Problem details> From the first line of the data below, repeat each line exactly until you reach the line with "第三个推荐董卓,也是小编非常"; include that line too.

Records to process>
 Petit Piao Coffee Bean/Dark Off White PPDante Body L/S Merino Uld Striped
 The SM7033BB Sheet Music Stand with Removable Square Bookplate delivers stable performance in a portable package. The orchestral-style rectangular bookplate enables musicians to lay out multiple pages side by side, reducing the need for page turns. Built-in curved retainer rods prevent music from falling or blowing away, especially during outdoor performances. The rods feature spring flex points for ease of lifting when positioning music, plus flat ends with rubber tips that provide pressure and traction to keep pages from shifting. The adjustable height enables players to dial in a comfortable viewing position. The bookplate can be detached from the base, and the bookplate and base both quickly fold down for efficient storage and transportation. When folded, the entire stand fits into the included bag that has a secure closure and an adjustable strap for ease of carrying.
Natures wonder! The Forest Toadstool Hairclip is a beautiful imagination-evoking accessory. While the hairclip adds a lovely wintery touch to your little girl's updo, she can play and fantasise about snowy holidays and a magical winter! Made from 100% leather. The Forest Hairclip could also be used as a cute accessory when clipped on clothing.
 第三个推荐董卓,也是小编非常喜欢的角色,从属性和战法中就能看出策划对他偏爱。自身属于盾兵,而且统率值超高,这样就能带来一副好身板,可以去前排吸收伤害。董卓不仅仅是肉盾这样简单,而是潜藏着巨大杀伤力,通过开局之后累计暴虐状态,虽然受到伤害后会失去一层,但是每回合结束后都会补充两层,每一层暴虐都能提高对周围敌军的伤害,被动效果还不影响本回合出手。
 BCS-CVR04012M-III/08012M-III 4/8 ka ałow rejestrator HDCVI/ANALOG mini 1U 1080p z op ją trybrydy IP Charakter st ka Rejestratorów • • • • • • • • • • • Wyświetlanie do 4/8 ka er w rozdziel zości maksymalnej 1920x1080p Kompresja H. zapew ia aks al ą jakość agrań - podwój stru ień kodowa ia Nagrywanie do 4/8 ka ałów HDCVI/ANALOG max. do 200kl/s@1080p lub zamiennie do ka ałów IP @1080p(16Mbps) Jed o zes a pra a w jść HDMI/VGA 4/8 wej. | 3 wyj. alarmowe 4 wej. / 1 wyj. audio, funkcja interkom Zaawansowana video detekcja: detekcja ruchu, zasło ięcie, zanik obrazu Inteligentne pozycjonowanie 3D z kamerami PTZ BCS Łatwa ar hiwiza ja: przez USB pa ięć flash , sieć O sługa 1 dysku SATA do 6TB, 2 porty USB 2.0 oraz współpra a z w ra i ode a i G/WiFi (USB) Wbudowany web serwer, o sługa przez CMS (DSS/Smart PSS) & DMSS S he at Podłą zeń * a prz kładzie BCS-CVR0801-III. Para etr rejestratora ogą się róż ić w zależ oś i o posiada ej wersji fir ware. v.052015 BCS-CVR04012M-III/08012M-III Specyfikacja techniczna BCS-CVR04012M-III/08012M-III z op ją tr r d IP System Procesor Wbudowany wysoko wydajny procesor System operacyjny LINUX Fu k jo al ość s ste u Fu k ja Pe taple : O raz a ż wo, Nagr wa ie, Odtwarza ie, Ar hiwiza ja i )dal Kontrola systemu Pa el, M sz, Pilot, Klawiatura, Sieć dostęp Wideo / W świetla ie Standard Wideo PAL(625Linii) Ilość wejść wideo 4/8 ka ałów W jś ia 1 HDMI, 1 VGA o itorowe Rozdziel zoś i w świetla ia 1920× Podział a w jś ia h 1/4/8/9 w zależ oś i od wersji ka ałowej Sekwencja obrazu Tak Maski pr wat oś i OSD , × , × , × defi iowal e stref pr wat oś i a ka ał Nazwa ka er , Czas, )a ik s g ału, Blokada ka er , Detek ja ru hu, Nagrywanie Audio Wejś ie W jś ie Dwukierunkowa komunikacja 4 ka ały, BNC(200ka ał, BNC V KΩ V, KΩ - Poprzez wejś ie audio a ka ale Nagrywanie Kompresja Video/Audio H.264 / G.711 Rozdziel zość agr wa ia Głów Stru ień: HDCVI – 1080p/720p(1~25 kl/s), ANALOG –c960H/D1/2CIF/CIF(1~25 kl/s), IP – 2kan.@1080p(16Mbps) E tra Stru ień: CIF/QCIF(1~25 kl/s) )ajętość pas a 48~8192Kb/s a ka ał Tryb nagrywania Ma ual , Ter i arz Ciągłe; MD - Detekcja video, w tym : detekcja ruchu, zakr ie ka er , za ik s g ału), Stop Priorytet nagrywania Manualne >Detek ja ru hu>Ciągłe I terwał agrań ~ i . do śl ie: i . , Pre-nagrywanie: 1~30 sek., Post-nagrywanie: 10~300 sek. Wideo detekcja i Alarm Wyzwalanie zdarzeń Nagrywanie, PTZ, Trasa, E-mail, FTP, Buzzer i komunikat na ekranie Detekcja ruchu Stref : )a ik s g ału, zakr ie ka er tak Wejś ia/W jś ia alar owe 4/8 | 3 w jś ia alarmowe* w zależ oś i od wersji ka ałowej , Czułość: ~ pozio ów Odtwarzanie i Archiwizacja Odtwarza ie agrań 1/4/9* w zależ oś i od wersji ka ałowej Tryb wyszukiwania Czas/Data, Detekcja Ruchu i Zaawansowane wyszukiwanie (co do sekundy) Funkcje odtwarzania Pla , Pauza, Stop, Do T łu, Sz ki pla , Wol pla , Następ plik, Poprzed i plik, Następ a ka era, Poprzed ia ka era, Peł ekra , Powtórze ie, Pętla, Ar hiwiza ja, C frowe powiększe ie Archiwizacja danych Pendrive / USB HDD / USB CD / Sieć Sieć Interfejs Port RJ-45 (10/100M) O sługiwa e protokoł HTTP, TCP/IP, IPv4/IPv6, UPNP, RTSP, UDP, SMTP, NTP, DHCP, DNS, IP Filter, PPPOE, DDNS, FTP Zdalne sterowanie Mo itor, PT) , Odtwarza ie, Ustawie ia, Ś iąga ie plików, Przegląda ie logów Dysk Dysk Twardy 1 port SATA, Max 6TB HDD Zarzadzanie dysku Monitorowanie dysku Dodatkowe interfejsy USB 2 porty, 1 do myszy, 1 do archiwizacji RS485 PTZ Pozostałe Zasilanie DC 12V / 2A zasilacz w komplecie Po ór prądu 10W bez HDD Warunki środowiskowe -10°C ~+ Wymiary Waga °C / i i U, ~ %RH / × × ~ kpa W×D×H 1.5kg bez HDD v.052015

Answer box>
 Petit Piao Coffee Bean/Dark Off White PPDante Body L/S Merino Uld Striped
 The SM7033BB Sheet Music Stand with Removable Square Bookplate delivers stable performance in a portable package. The orchestral-style rectangular bookplate enables musicians to lay out multiple pages side by side, reducing the need for page turns. Built-in curved retainer rods prevent music from falling or blowing away, especially during outdoor performances. The rods feature spring flex points for ease of lifting when positioning music, plus flat ends with rubber tips that provide pressure and traction to keep pages from shifting. The adjustable height enables players to dial in a comfortable viewing position. The bookplate can be detached from the base, and the bookplate and base both quickly fold down for efficient storage and transportation. When folded, the entire stand fits into the included bag that has a secure closure and an adjustable strap for ease of carrying.
Natures wonder! The Forest Toadstool Hairclip is a beautiful imagination-evoking accessory. While the hairclip adds a lovely wintery touch to your little girl's updo, she can play and fantasise about snowy holidays and a magical winter! Made from 100% leather. The Forest Hairclip could also be used as a cute accessory when clipped on clothing.
 第三个推荐董卓,也是小编非常喜欢的角色,从属性和战法中就能看出策划对他偏爱。自身属于盾兵,而且统率值超高,这样就能带来一副好身板,可以去前排吸收伤害。董卓不仅仅是肉盾这样简单,而是潜藏着巨大杀伤力,通过开局之后累计暴虐状态,虽然受到伤害后会失去一层,但是每回合结束后都会补充两层,每一层暴虐都能提高对周围敌军的伤害,被动效果还不影响本回合出手。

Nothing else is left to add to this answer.